Question

What is the magnitude fp of the minimum force you need to exert on the crate to make it start sliding along the floor? Let the coefficient of static friction μs between the crate and the floor be 0.56 and that of kinetic friction

Answer 1

Answer: 490 N

Step-by-step explanation:

The complete question is:

Suppose you have to move a heavy crate of weight 875 N by sliding it along a horizontal concrete floor. You push the crate to the right with a horizontal force of magnitude 300 N, but friction prevents the crate from sliding.

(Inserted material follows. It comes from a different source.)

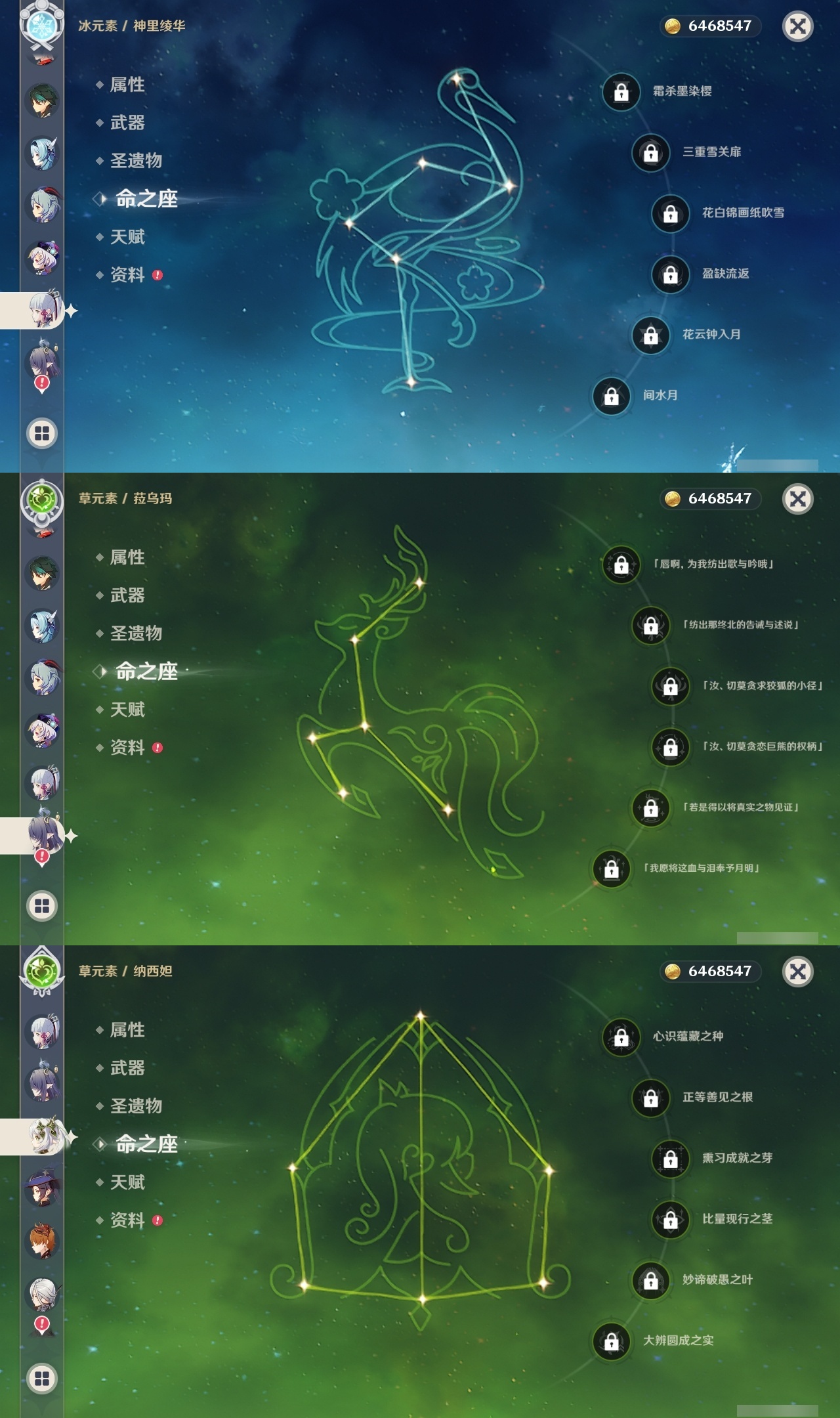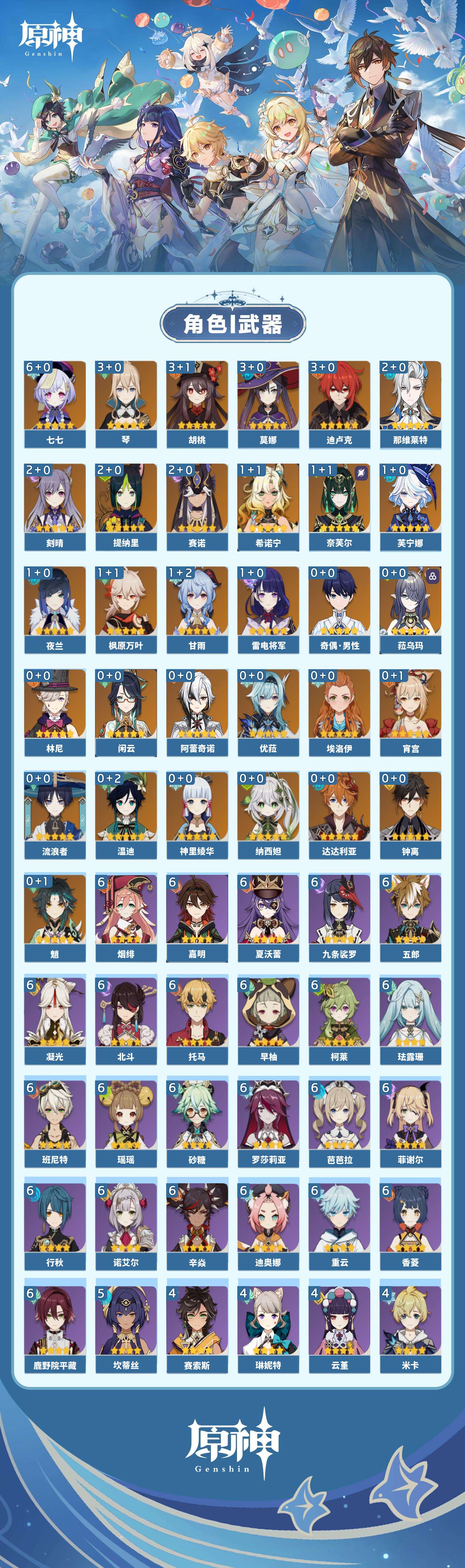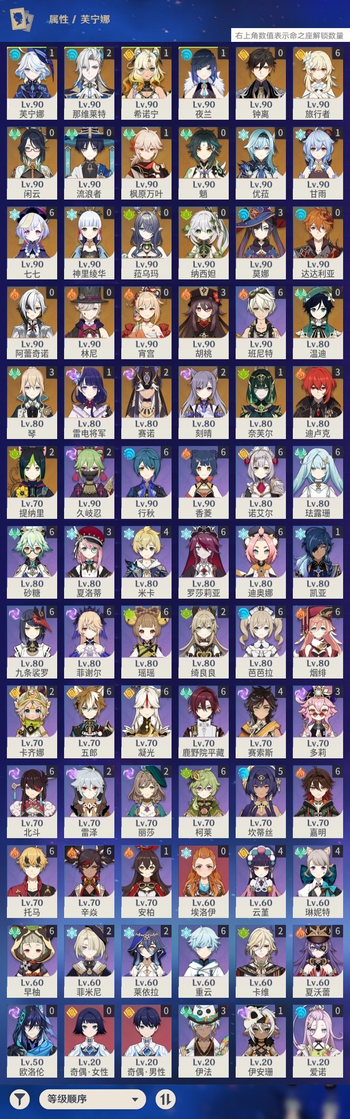 【原神】【lyys11242】冒险等级:60,五星数量:44,五星角色:七七 6命迪卢克 3命胡桃 3命莫娜 3命琴 3命那维莱特 2命刻晴 2命提纳里 2命赛诺 2命希诺宁 1命芙宁娜 1命奈芙尔 1命枫原万叶 1命甘雨 1命雷电将军 1命夜兰 1命神里绫华温迪宵宫优菈钟离达达利亚林尼闲云阿蕾奇诺纳西妲菈乌玛流浪者魈__五星武器:阿莫斯之弓 2精终末嗟叹之诗 2精岩峰巡歌真语秘匣苍古自由之誓飞雷之弦振风鹰剑和璞鸢护摩之杖四风原典天空之卷无工之剑__四星角色:班尼特 6命行秋 6命九条裟罗 6命香菱 6命鹿野院平藏 6命珐露珊 6命凝光 6命迪奥娜 6命砂糖 6命瑶瑶 6命柯莱 6命芭芭拉 6命早柚 6命托马 6命五郎 6命烟绯 6命重云 6命辛焱 6命诺艾尔 6命罗莎莉亚 6命菲谢尔 6命北斗 6命夏沃蕾 6命嘉明 6命坎蒂丝 5命米卡 4命云堇 4命琳妮特 4命赛索斯 4命多莉 3命夏洛蒂 3命伊法 3命卡齐娜 2命久岐忍 2命绮良良 2命莱依拉 2命卡维 2命雷泽 2命菲米尼 2命伊安珊 1命埃洛伊奇偶·女性奇偶·男性欧洛伦爱诺

What is the magnitude Fp of the minimum force you need to exert on the crate to make it start sliding along the floor? Let the coefficient of static friction
`\mu_(s)` between the crate and the floor be 0.56 and that of kinetic friction,
`\mu_(k)`, be 0.47.

If we draw a free body diagram we will have the following:

`\sum F_(y)=N-W=0`

This means:
`N=W` (1)

Where
`N` is the Normal force,
`W=875 N` is the weight of the crate.

On the other hand, the Static Friction force
`F_(p)` is:

`F_(p)=\mu_(s)N` (2)

`F_(p)=(0.56)(875 N)`

`F_(p)=490 N` (3) This means the 300 N force exerted on the crate was not enough, because we need to push the crate to the right with at least 490 N to make the crate start sliding.

However, once the sliding motion begins we need to overcome the Kinetic Friction force
`F_(k)` to keep the crate sliding at a constat velocity:

`F_(k)=\mu_(k)N` (4)

`F_(k)=(0.47)(875 N)`

`F_(k)=411.25 N` (5)